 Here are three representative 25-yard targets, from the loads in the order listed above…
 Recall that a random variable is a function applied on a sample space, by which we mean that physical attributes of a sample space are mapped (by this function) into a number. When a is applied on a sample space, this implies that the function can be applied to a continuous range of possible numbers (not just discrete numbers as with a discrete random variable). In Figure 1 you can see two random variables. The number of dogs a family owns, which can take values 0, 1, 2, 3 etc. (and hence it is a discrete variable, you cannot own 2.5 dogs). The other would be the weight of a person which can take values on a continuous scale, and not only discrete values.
◇ ◇ ◇
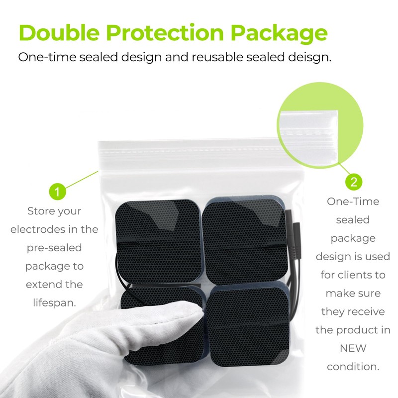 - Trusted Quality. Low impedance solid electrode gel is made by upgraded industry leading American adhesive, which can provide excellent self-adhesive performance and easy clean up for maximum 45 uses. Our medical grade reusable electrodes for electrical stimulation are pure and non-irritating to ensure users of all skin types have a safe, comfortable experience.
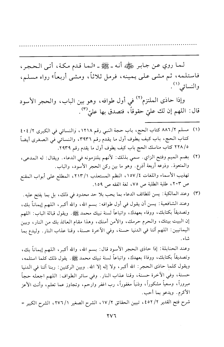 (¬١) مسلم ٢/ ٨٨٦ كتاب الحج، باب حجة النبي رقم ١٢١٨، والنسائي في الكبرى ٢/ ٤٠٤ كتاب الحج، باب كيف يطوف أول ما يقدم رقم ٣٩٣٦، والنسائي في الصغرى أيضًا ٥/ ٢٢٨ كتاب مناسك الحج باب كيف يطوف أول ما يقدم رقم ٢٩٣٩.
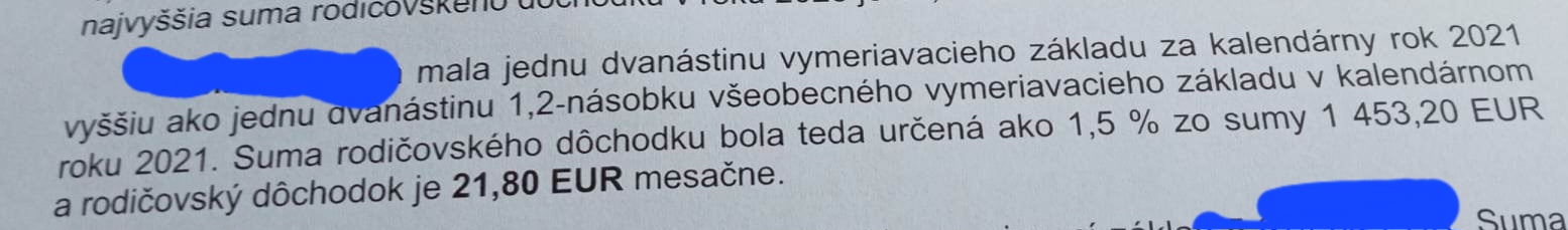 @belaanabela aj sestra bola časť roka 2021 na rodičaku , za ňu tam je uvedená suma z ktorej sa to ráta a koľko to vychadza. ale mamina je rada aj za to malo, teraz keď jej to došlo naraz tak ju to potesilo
◇ ◇ ◇
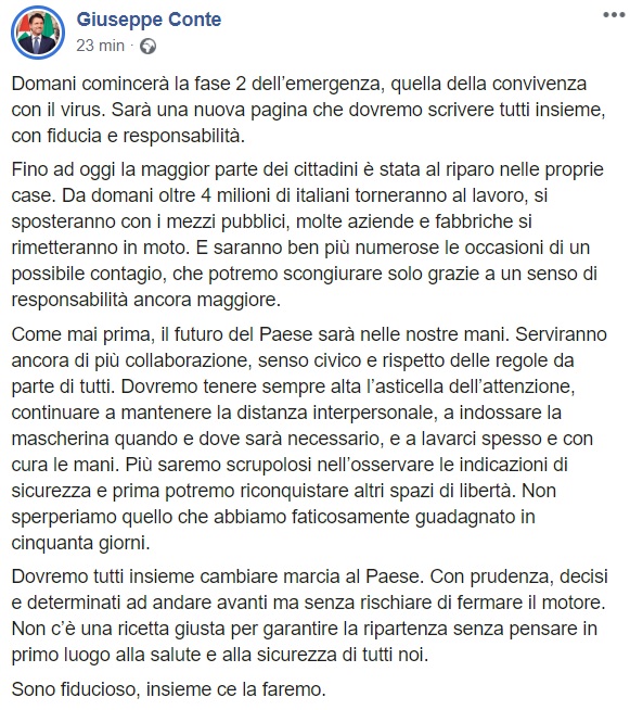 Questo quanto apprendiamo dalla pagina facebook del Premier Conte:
◇ ◇ ◇
== Required work ==
The material above holds pictures; leave them out and set down exactly the lines from the line with "(¬١) مسلم ٢/" to the line with "ju to potesilo", both included.

== Answer to this task ==
 (¬١) مسلم ٢/ ٨٨٦ كتاب الحج، باب حجة النبي رقم ١٢١٨، والنسائي في الكبرى ٢/ ٤٠٤ كتاب الحج، باب كيف يطوف أول ما يقدم رقم ٣٩٣٦، والنسائي في الصغرى أيضًا ٥/ ٢٢٨ كتاب مناسك الحج باب كيف يطوف أول ما يقدم رقم ٢٩٣٩.
 @belaanabela aj sestra bola časť roka 2021 na rodičaku , za ňu tam je uvedená suma z ktorej sa to ráta a koľko to vychadza. ale mamina je rada aj za to malo, teraz keď jej to došlo naraz tak ju to potesilo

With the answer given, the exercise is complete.